> EXERCISE DETAILS: Every line from the one containing "Склад: соус томатний" to the one containing "Vérifier l'apparition des" in the records below, both included, must be set down exactly, and no other line.

> RECORDS SUPPLIED:
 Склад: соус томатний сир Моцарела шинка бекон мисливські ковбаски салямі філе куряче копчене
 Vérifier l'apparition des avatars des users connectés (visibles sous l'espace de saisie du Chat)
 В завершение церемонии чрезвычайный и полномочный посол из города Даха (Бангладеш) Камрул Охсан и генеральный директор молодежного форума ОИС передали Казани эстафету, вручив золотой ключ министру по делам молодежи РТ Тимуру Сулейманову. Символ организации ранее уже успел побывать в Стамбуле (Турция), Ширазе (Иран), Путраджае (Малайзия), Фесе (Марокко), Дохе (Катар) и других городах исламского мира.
---
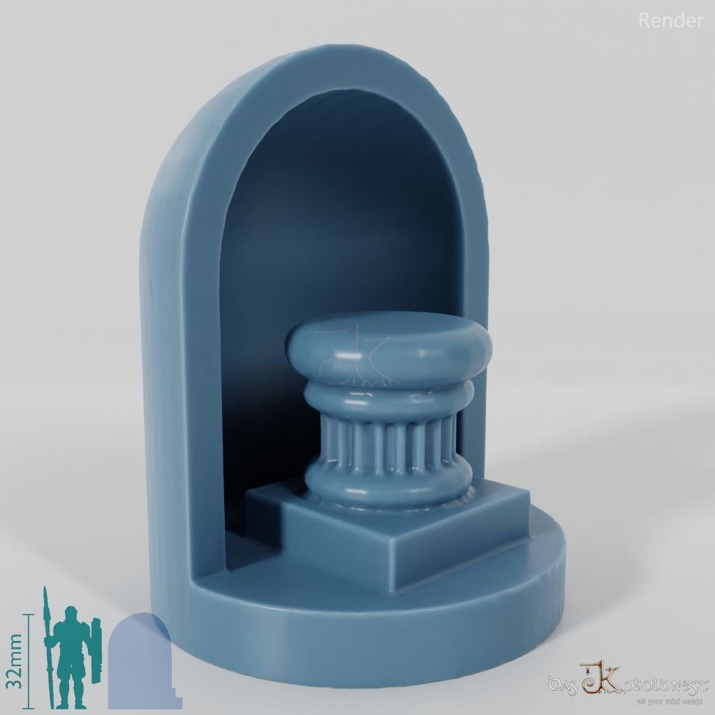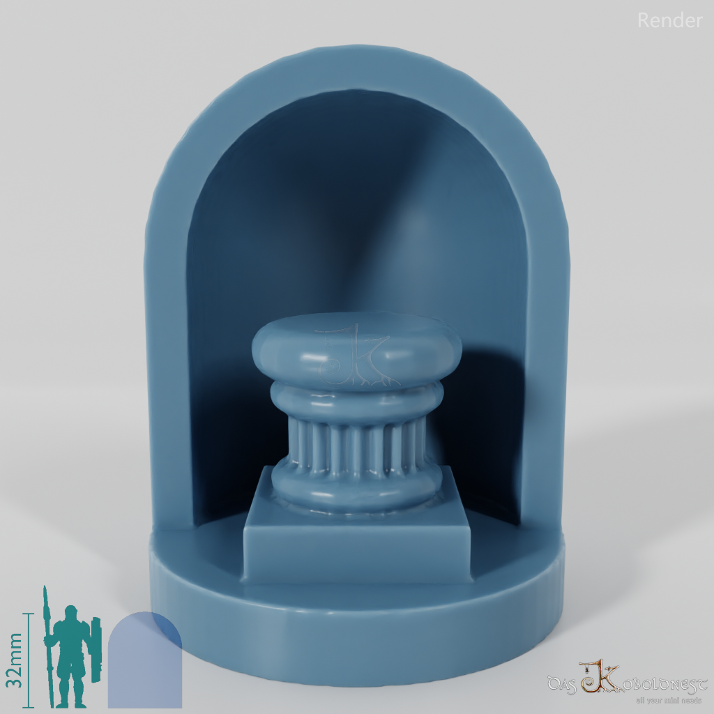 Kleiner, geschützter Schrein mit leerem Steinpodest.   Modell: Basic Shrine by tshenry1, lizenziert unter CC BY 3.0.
---
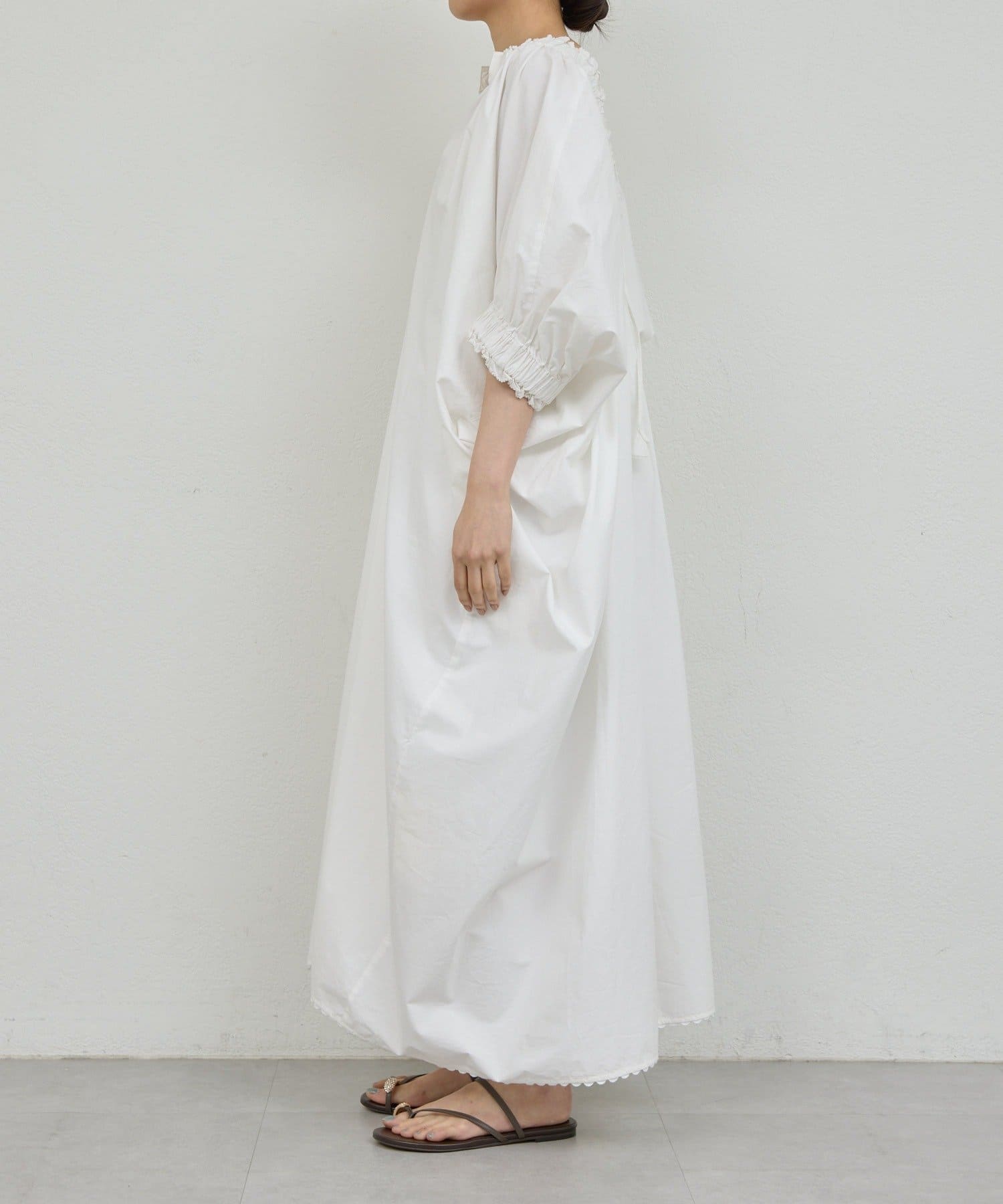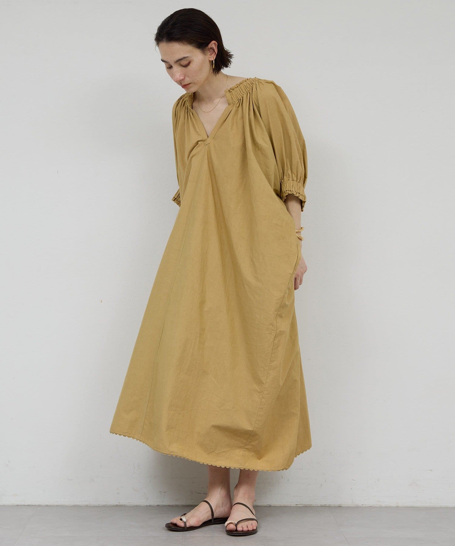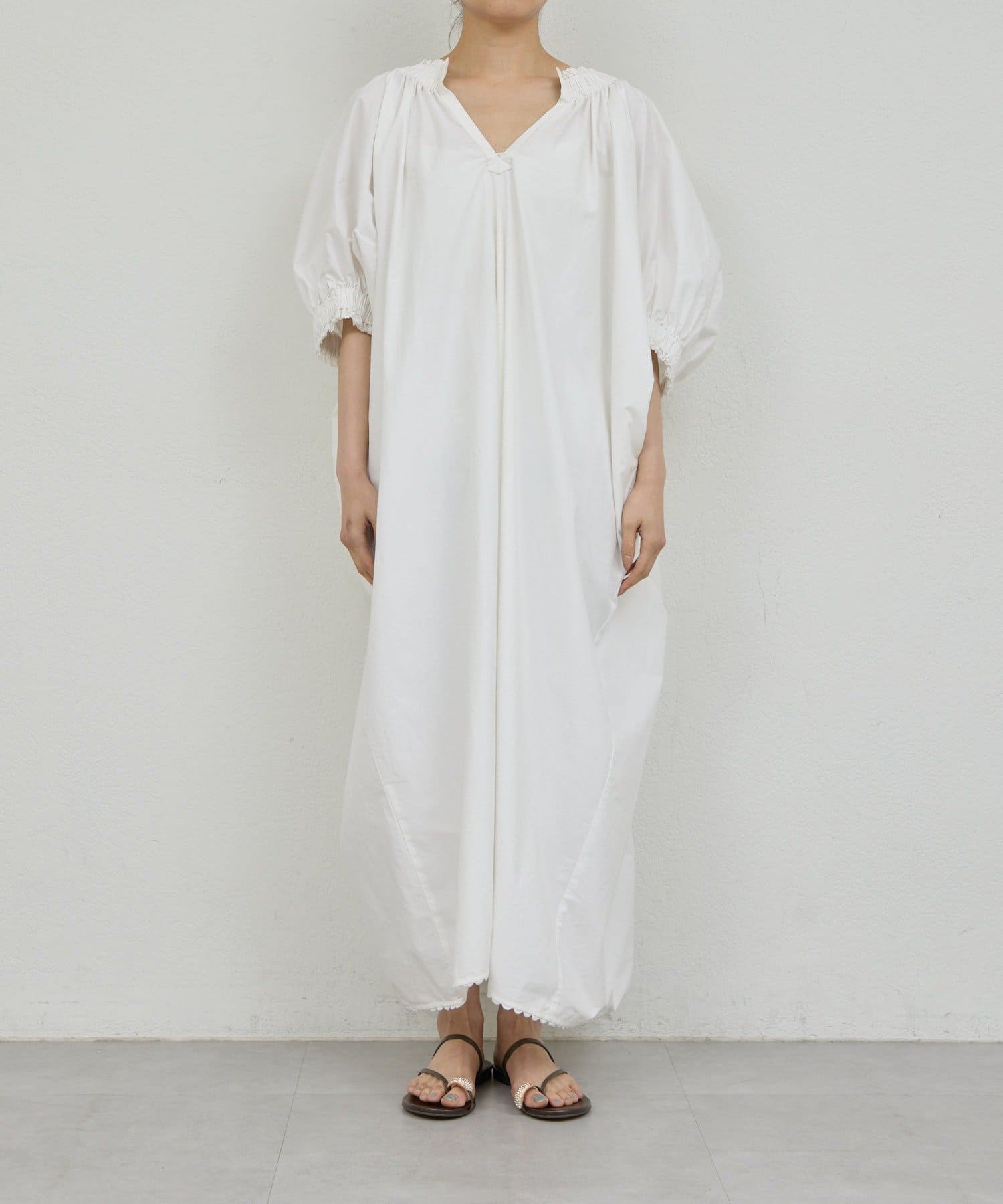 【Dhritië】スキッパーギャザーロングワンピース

> PROBLEM SOLUTION:
 Склад: соус томатний сир Моцарела шинка бекон мисливські ковбаски салямі філе куряче копчене
 Vérifier l'apparition des avatars des users connectés (visibles sous l'espace de saisie du Chat)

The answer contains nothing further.